Schedule 9 amends the Employment Standards Act, 2000 and the Labour Relations Act, 1995. Changes in this Schedule eliminate the approval requirement to allow employers to expect employees to work more than 48 hours per week, and will also allow employers to average hours worked over four weeks to calculate overtime pay.

Additionally, changes are made to the definition of "non-construction employers", allowing certain employers the power to hire non-union construction workers. Critics argue that these changes "effectively cancel any existing bargaining agreements that are in place."

=== Schedule 10: removing environmental protections in sensitive areas ===

Schedule 10 amends the Planning Act, allowing for the creation of so-called "Open for Business" planning by-laws.

==== "Open for Business" planning by-laws ====

According to the government, the amendments to the Planning Act will "cut red tape" and "shorten the time it takes to build projects that create jobs." However, these provisions have been criticized by environmental protection groups, farmers, and politicians from across the political spectrum.

The provisions will allow developers to bypass the protections in the Clean Water Act, and other acts which protect the Great Lakes, Lake Simcoe, the Ontario Greenbelt, and the Oak Ridges Moraine. It also bypasses the requirements in the Places to Grow Act which prohibits green-field development except in specific areas designated for future growth. During the election, Doug Ford had promised to protect the Greenbelt "in its entirety." Dr.
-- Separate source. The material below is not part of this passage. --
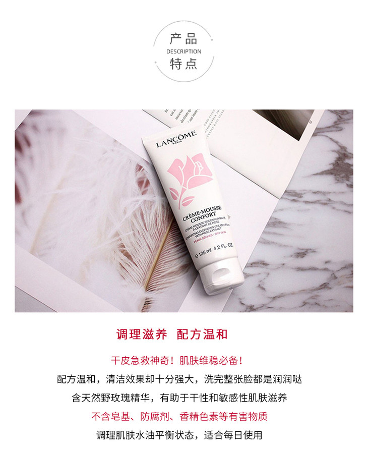 LANCÔME/兰蔻洗面奶 清滢柔肤滋润温和洁面乳粉色 干性肌肤适用 125ML

Anne Bell, the Director of Conservation and Education at Ontario Nature, claims that the legislation "overrides crucial protections for clean water, farmland, wetlands, woodlands, and habitat for endangered species, in numerous provincial laws and policies."

=== Schedule 11: regarding private career colleges ===

Schedule 11 amends the Private Career Colleges Act, 2005. The government claims these amendments will "create registration requirements that make sense, align tuition fee collection with the federal government and reduce unnecessary regulatory notices."

=== Schedule 12: regarding cab cards in commercial trucks ===

Schedule 12 amends the Highway Traffic Act. According to the government, the amendments change the rules regarding cab cards in commercial trucks.

== Other changes ==

In addition to the text in Bill 66, the Government of Ontario's backgrounder listed several other intended effects in the legislation. These include relaxing food safety standards across the agricultural sector (including changes to the Milk Act, the Food Safety and Quality Act, the Nutrient Management Act, and the Livestock Medicines Act), modifying regulations regarding industrial safety guardrails, expanding the autonomous vehicle pilot program, permitting electric motorcycles on major highways, change rules for loans from credit unions, and removing some industrial wastewater regulations. However, none of these changes are within the current text of the bill.